Como é que avalia estes últimos dois mandatos? Do que se orgulha e o que ficou por fazer?

Orgulho-me muito das nossas equipas de trabalho. Durante a pandemia, eu acho — modéstia à parte — que fomos dos municípios que mais respostas deu no mais curto espaço de tempo, que mobilizou toda a gente, e conseguimos coisas impensáveis. Até as costureiras pusemos a fazer máscaras, quando nem sequer havia máscaras. Mesmo com todas as dificuldades, mesmo com toda a pressão que houve — e que ainda há — na questão da habitação, eu sei que lançámos qualquer coisa que não pode voltar para trás. Orgulho-me muito da questão da mobilidade, de todo este impulso que também demos a esse nível. Ao aceitar as competências na área social, quase que triplicámos os apoios sociais. Hoje em dia, todos os almadenses têm, junto da sua união de freguesias ou freguesia, um posto de atendimento social. As reformas administrativas que fizemos — a junção das pessoas, a criação de um gestor de caso para os apoios sociais e para o RSI, para ser apenas um técnico que acompanha tudo — isso foram grandes conquistas. A forma como conseguimos integrar 900 trabalhadores da educação, a forma como temos estado a evoluir na assunção das novas responsabilidades na educação, o envolvimento de toda a comunidade escolar — mesmo com dificuldades, mais uma vez.

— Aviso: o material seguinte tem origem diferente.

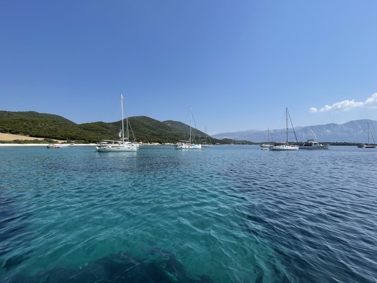 Aangekomen is het op het eerste gezicht erg druk. We vinden wel een plekje, maar ons anker ligt in het zeegras. Een uurtje later vertrekt er een zeilbootje iets achter ons, waar een riante zandplaat is. Wij halen snel ons anker op en verplaatsen de Just een tiental meters. We liggen nu dichter bij het strand op vijf meter diepte. Met mijn snorkel ga ik het water in en controleer het anker, die mooi is ingegraven.

É verdade que há áreas que não podem deixar de nos entristecer. Por exemplo, nós investimos imenso na renovação de equipas, de material, de condições na questão da higiene urbana. Mas está a ser um flagelo. A produção de lixo está a ser uma coisa quase ingerível. Só para dar um número: até início de agosto, já tínhamos recolhido mais 4 mil toneladas de lixo do que no ano passado inteiro. E aqui também é importante falar do Estado e da Amarsul — uma entidade que foi privatizada, que funciona super mal, que não ajuda nada. Caríssima. Pagamos à Amarsul cerca de 12 milhões de euros por ano. É dinheiro que devíamos estar a investir, justamente, nos serviços de higiene — e não estamos. Estamos a pagar a privados. Nada disto faz sentido. Temos que continuar a aumentar a recolha seletiva, temos que reforçar equipas. Mas é muito difícil, porque há cada vez menos mão de obra — seja no setor público, seja nas empresas que contratamos para garantir o serviço. Há imenso trabalho pela frente que tem de ser feito.